▶ WORK TO COMPLETE
Please set down only the lines below starting with the line with "Figur 43: Beplantningsprincip" and going on through the line with "10月18日讯 北京时间20", verbatim and without pictures.

(Data items)
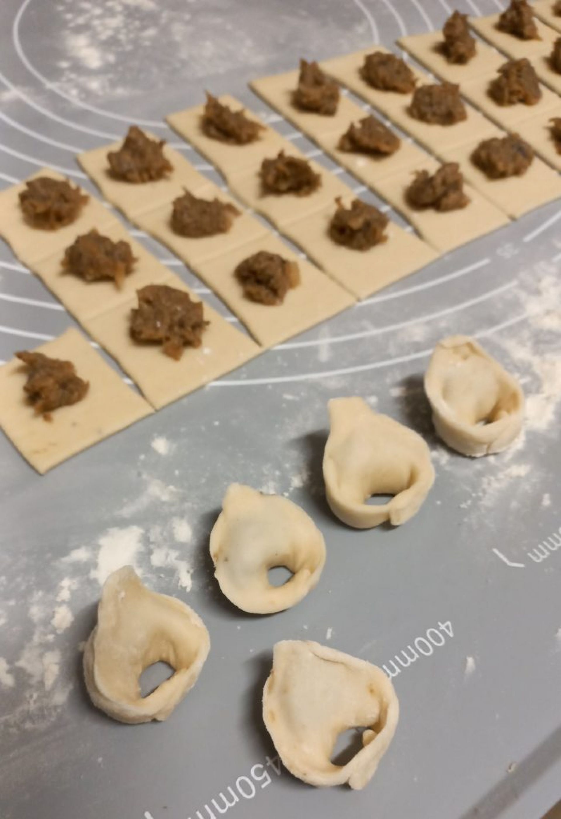 Тісто тоненько розвалкувати, вирізати квадратики 3х3 см, в кожен покласти трішки начинки. Зліпити вушка, зварити. Додавати в тарілки з гарячим борщем.
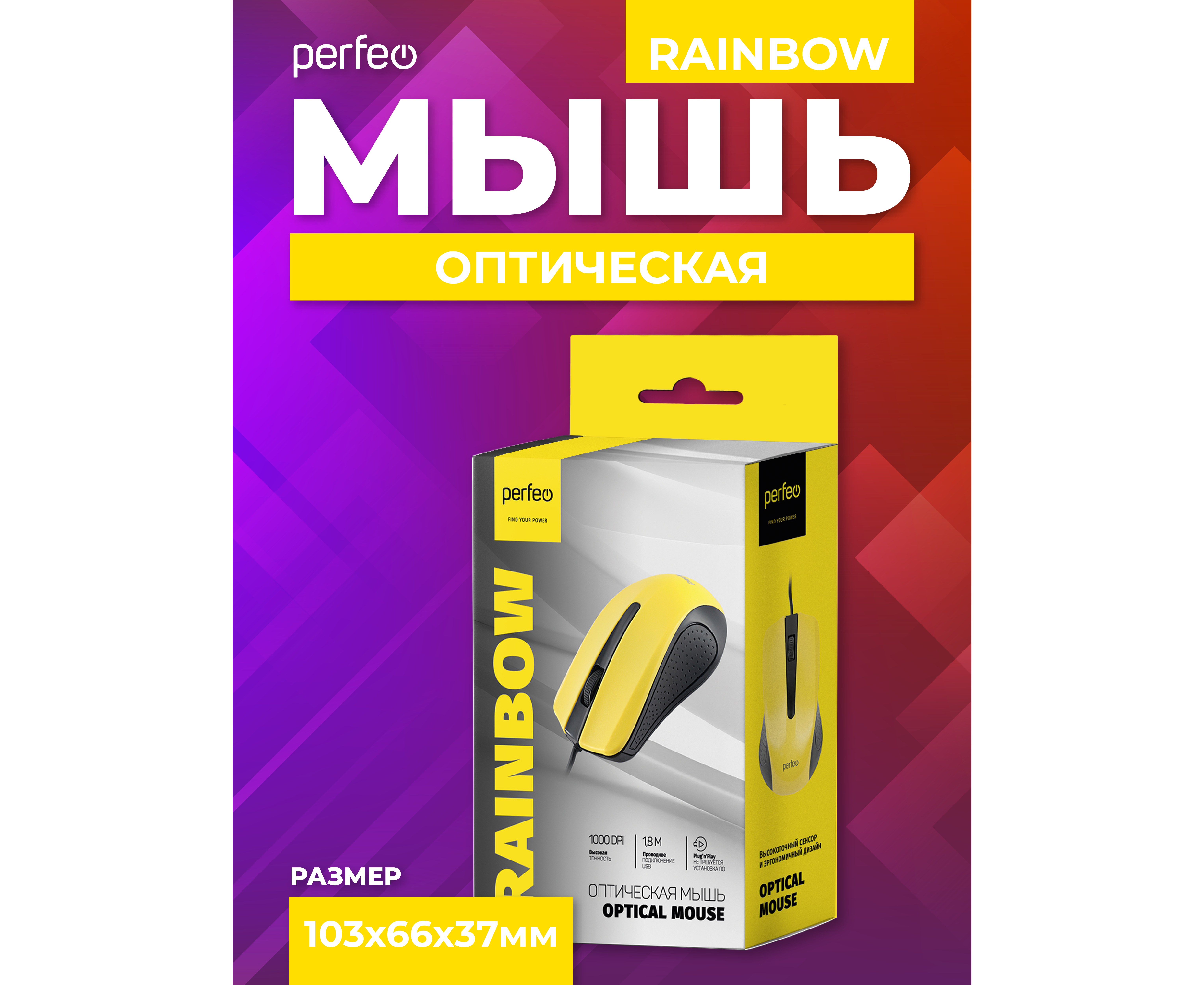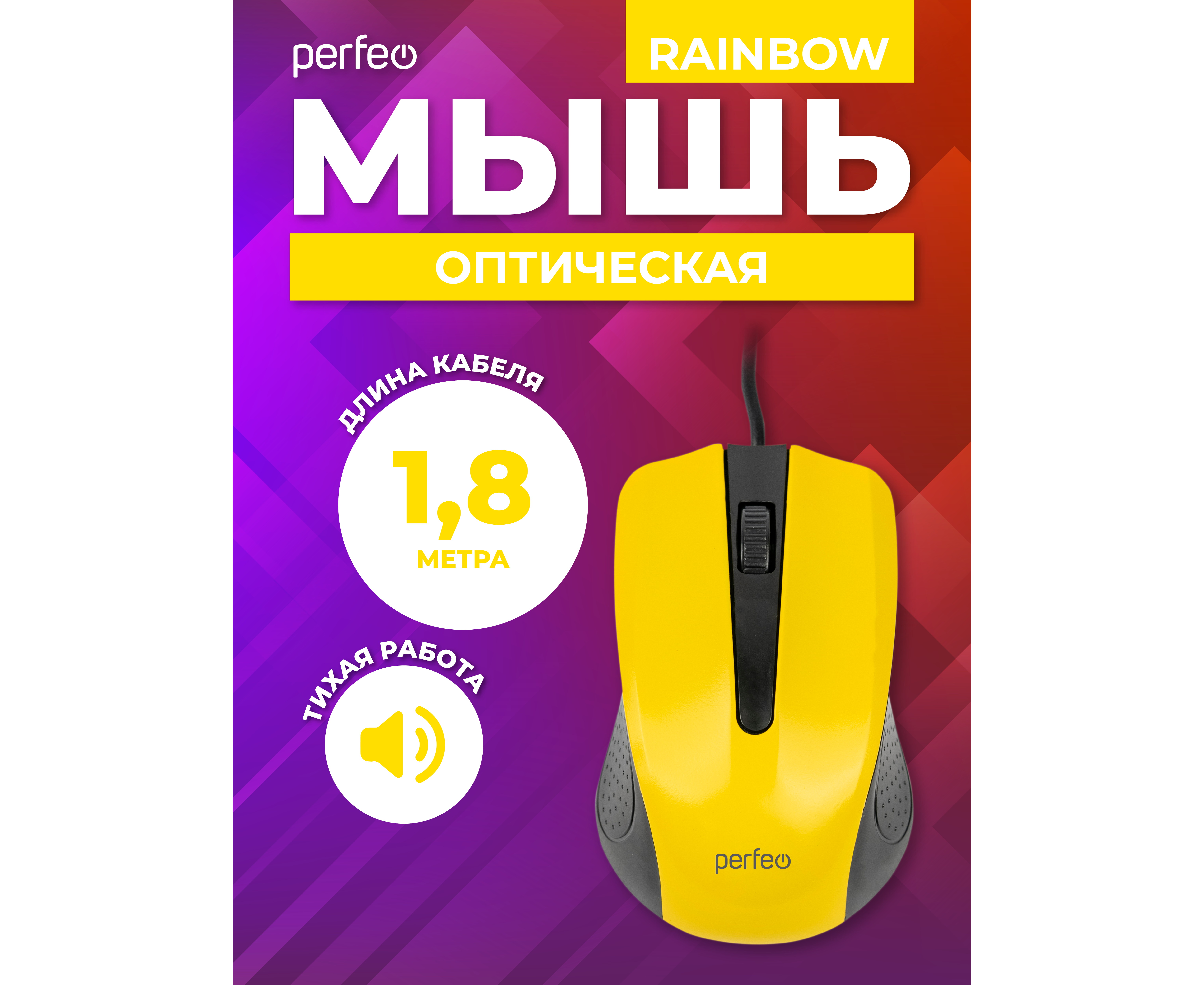 Классическая, доступная, оптическая мышь Perfeo RAINBOW. Эргономичный дизайн. Работает практически на любой поверхности. Боковые части с перфорированной поверхностью, которая обеспечивает удобный хват и предотвращает скольжение мыши в руках. Имеет 2 кнопки и ребристое колесо-кнопка (приятное тактильное ощущение при работе и не будет соскальзывать палец). Мышь для компьютера идеально подходит для использования в офисе. Мышка представлена в нескольких цветовых вариантах, что позволит подобрать решение на любой вкус и под любой интерьер. Длина кабеля 1,8м (+/- 0,1м) достаточная для комфортного подключения мыши практически в любых возможных услових стандартного рабочего места в офисе или дома.
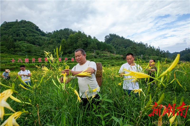 2020年7月9日,十八洞村,村民在采摘黄花菜。该村建成了160余亩的黄花菜产业基地,壮大了村集体经济。姚茂祥 摄
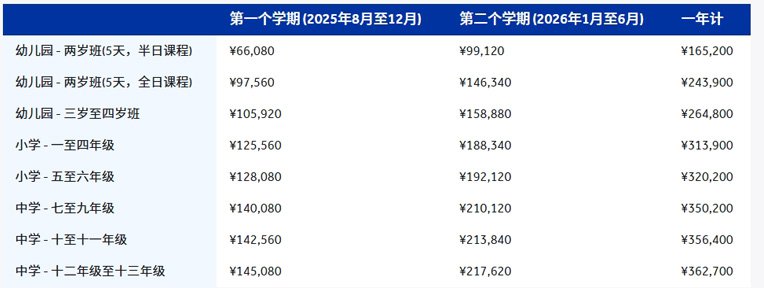 所有小学部和中学部新生首次注册时须缴纳15,000元人民币的不可退还的校园建设费。该项强制性费用专用于校园基础设施的建设和升级支出。
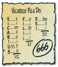 (Our Sunday Vi s i tor 18/4/1915) . În lat ină unele litere au valoare numerică. Dacă adunăm valoarea numerică co-respunzătoare acestui titlu de funcţie, obţinem
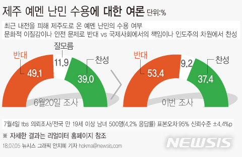 [그래픽]제주 예멘 난민 수용, 반대 53% vs 찬성 37% (리얼미터)
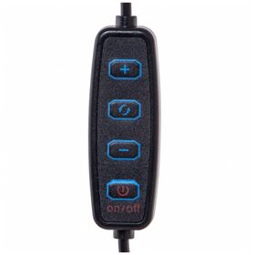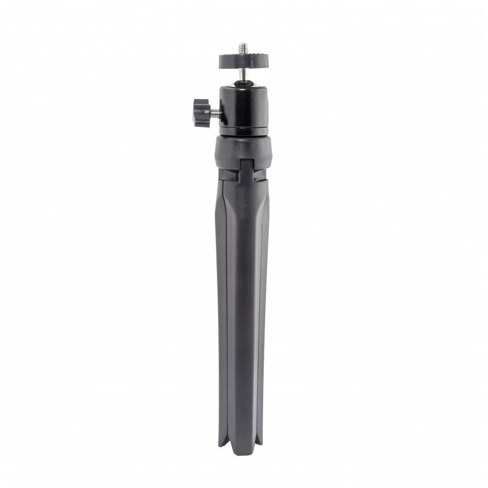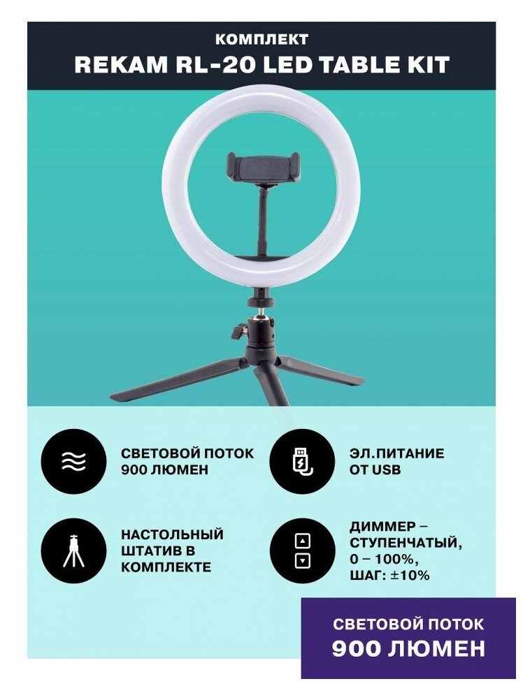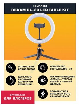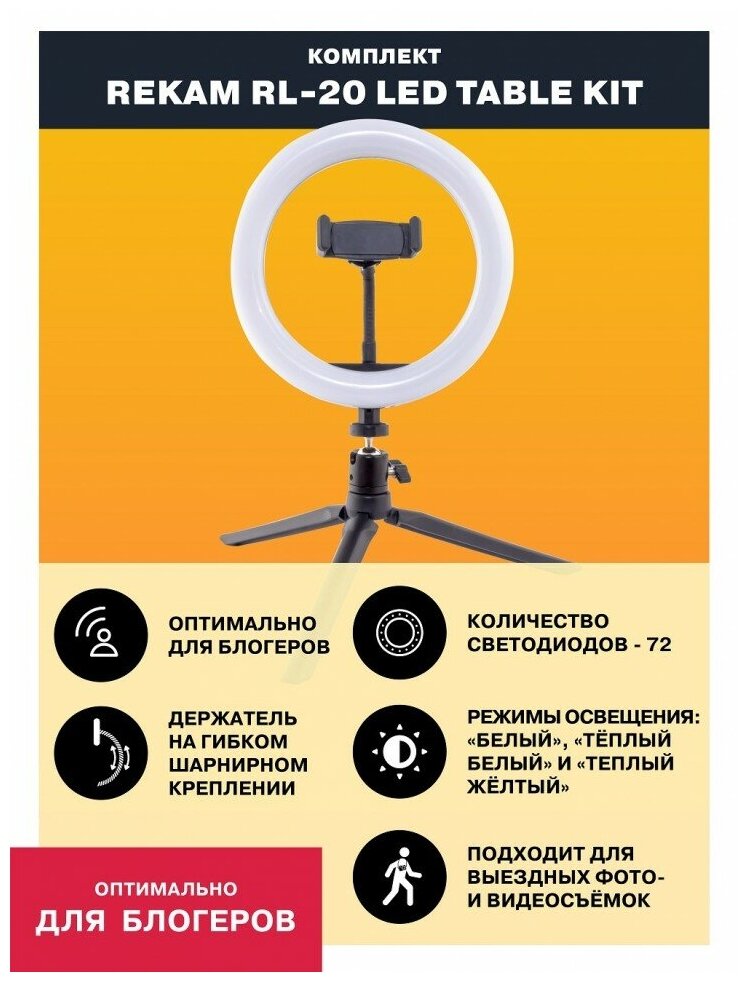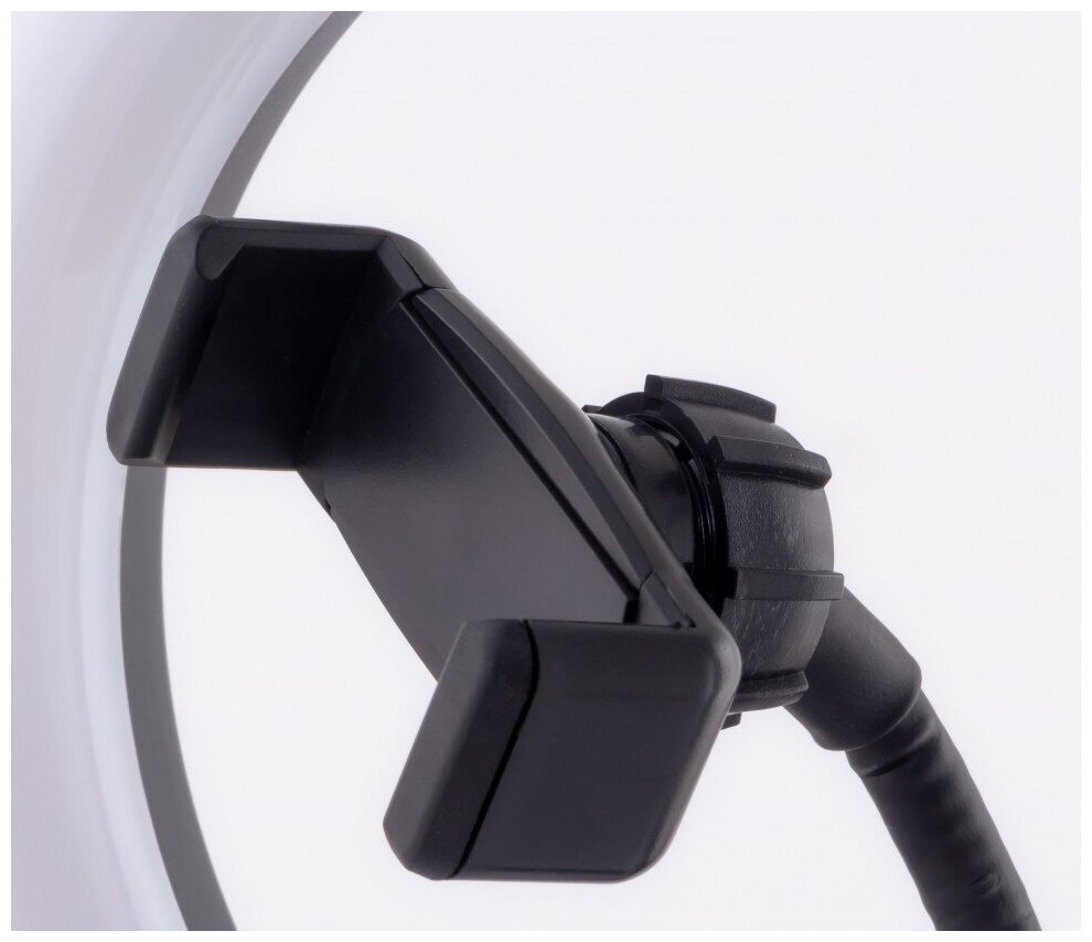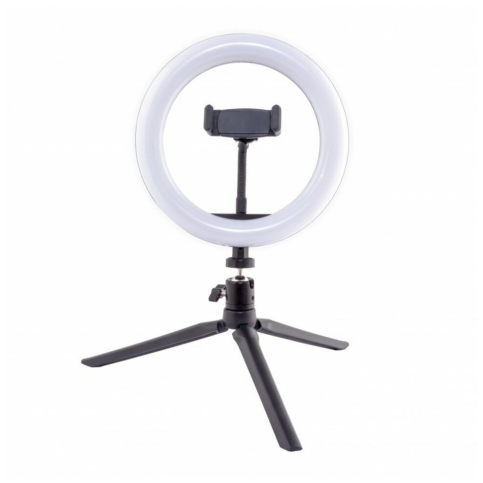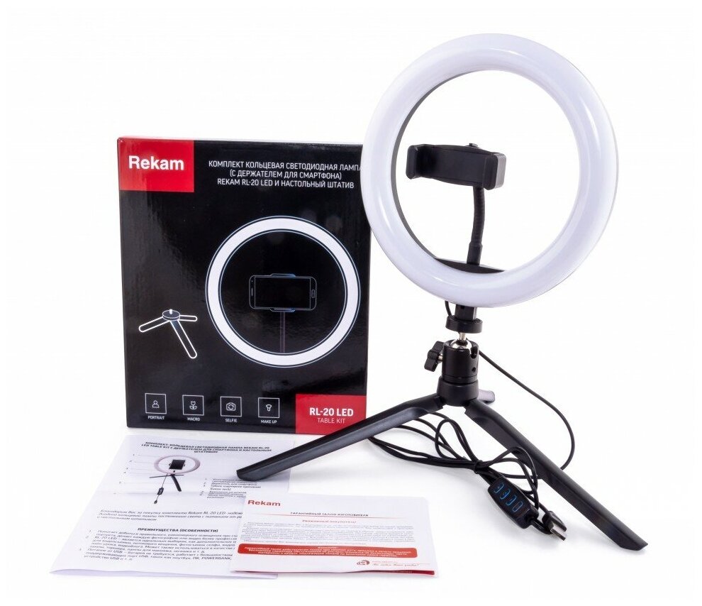 Кольцевая светодиодная лампа. Шнур питания с пультом и USB-разъёмом. Держатель для смартфона. Гибкое шарнирное крепление (Goose neck). Крепление на стойку (штатив) с интегрированной шаровой головой. Винт регулировки угла наклона лампы. Настольный штатив высотой 5 см. Инструкция. Гарантийный талон
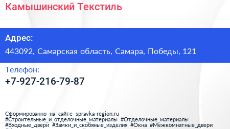 Камышинский Текстиль по адресу 443092, Самарская область, Самара, Победы, 121 в дальнейшем Организация, размещена в следующих категориях:
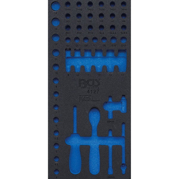Einlage aus robustem, hochwertigem Hartschaum geeignet für alle BGS Werkstattwagen passend für Art. 4127 Merkmale Bruttogewicht: 100 gHöhe: 32 mmBreite: 189 mmTiefe: 408 mm
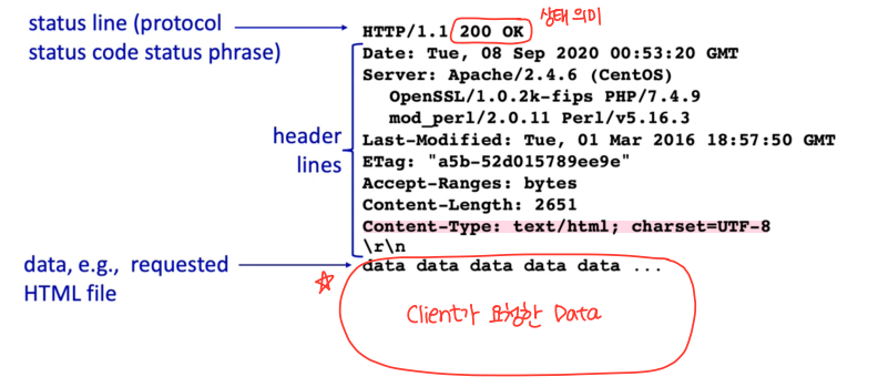 💡 HTTP 통신 1) 클라이언트는 서버에 대한 TCP connection(port 80)을 열어 놓음 2) 서버는 클라이언트로부터 TCP커넥션을 받음 3) 웹(서버)과 브라우저(클라이언트)는 HTTP메세지를 교환함 4) TCP커넥션을 닫음
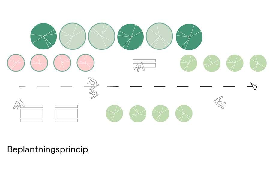 Figur 43: Beplantningsprincip for de fælles opholdsarealer i delområde 1; rækker af træer.
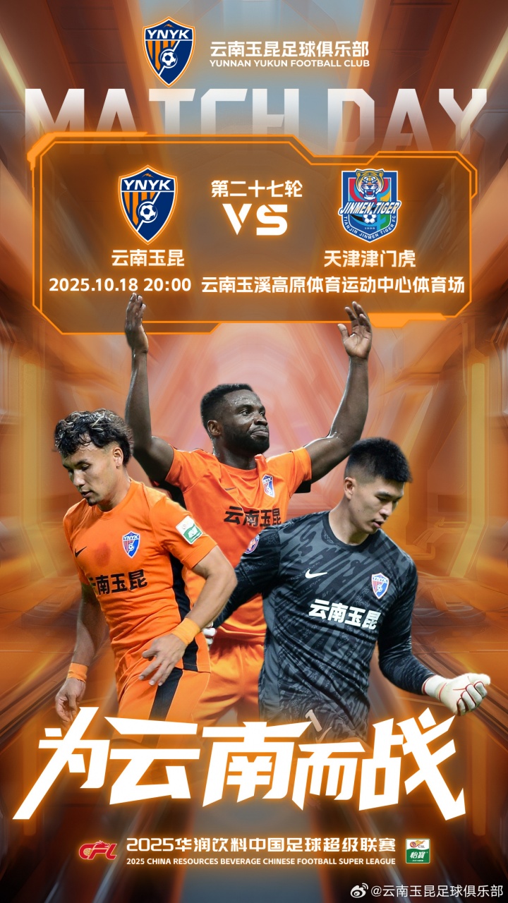 10月18日讯 北京时间20点,中超第27轮,云南玉昆主场迎战天津津门虎,赛前两边公布首发。
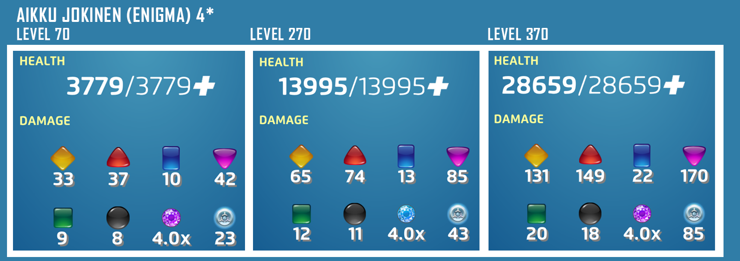 (PASSIVE) Moonstone takes 15% less damage and deals 15% more damage. If you have at least 3 more AP than the enemy, swap her Black and Yellow match damage and this becomes Play the Hero. Whenever the enemy makes a Black, Purple, or Red match, steal 1 AP of the match’s color and gain 1 Yellow AP. 270: Unchanged. 370: Unchanged.
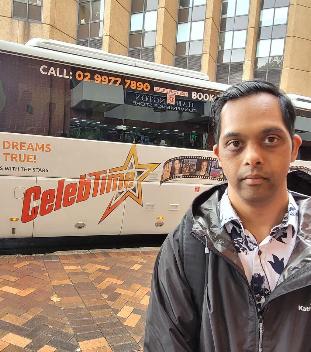 The bus stopped half way to Palm Beach and we took photos with Kirsty and she signed autographs on her postcard photo.
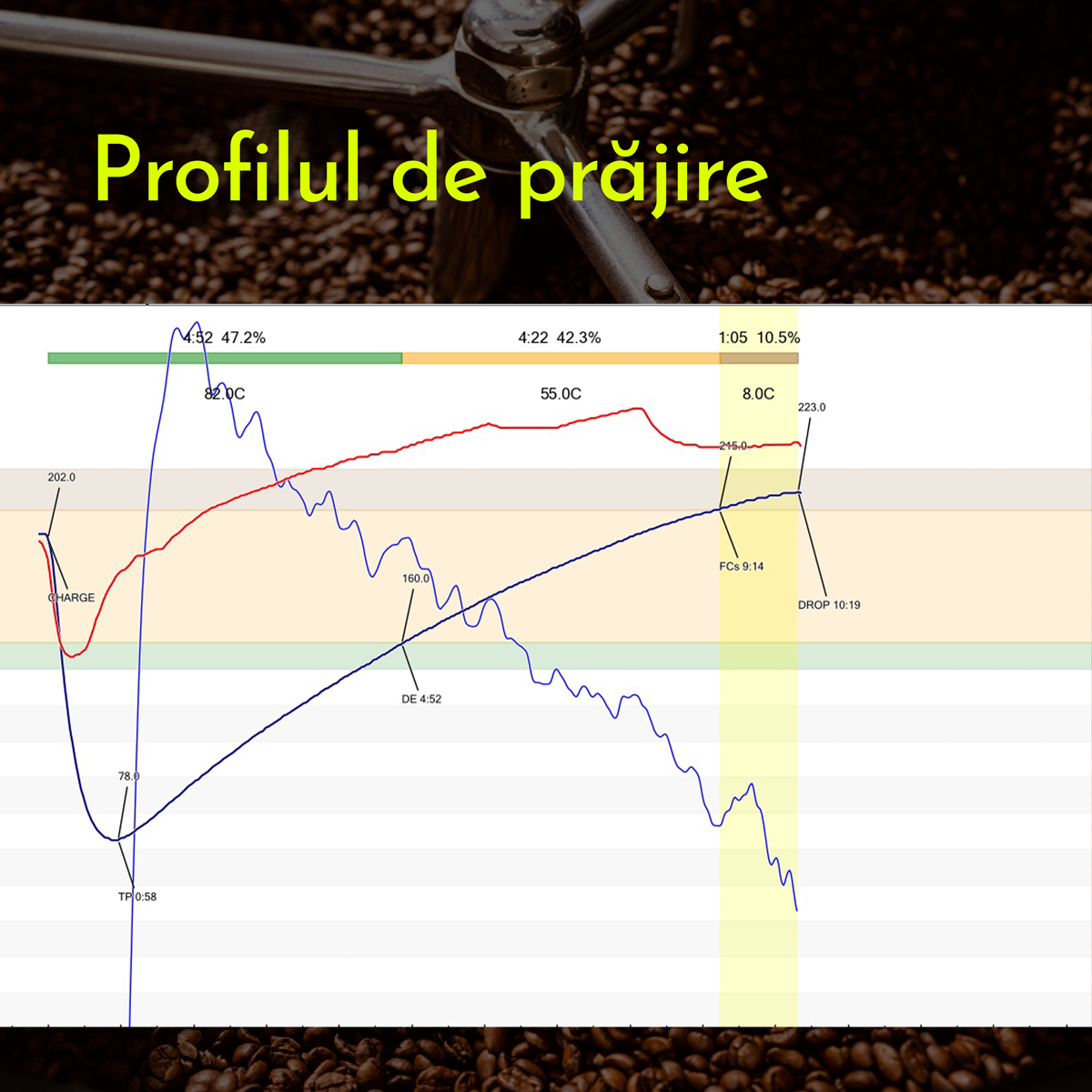 Pentru a elabora profilele de prăjire, utilizăm un prăjitor de cafea de laborator, cu o capacitate de 0,5 kg, furnizat de BESCA ROASTERS. Acest echipament avansat ne permite să ajustăm și să monitorizăm cu precizie parametri esențiali precum temperatura, viteza de rotație a tamburului și fluxul de aer.

▶ EXERCISE OUTPUT
 Figur 43: Beplantningsprincip for de fælles opholdsarealer i delområde 1; rækker af træer.
 10月18日讯 北京时间20点,中超第27轮,云南玉昆主场迎战天津津门虎,赛前两边公布首发。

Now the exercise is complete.